Published online by Cambridge University Press: 05 October 2013
A good deal of general information on the law relating to theft is to be found in the surviving Old Irish legal material from the seventh to the ninth centuries AD. The main law text on this topic is Bretha im Gatta ‘judgements about thefts’, though it is incomplete, owing to the loss of a page in the manuscript. Material on theft is also present in a number of other Old Irish law texts, such as Críth Gablach, Bechbretha and Bretha Cairdi.

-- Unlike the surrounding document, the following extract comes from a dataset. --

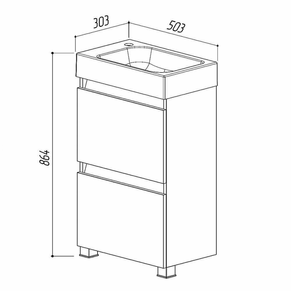 Тумба с раковиной Belux Темпо НП 50 белый глянцевый (1) левый

The earlier material in Irish contains little specific information on the legal mechanisms for the recovery of stolen property. However, this aspect of the law of theft is touched on in more detail in a Treatise by Giolla na Naomh Mac Aodhagáin, chief judge of Connacht (ardollamh Connacht), whose death in 1309 is recorded in the annals. One passage which deals with the tracking of stolen cattle has been edited and translated by W. N. Osborough in an article entitled ‘The Irish Custom of Tracts’, published in the Irish Jurist. The general principle is that if the cattle can be tracked – presumably by the owner accompanied by witnesses – to a particular place, the inhabitants of that place must pay for the theft (íoc na gaide), unless they can show that the track continues in another direction, i.e. ‘to put the track of the theft from them’ (lorg na gaide do chur díobh).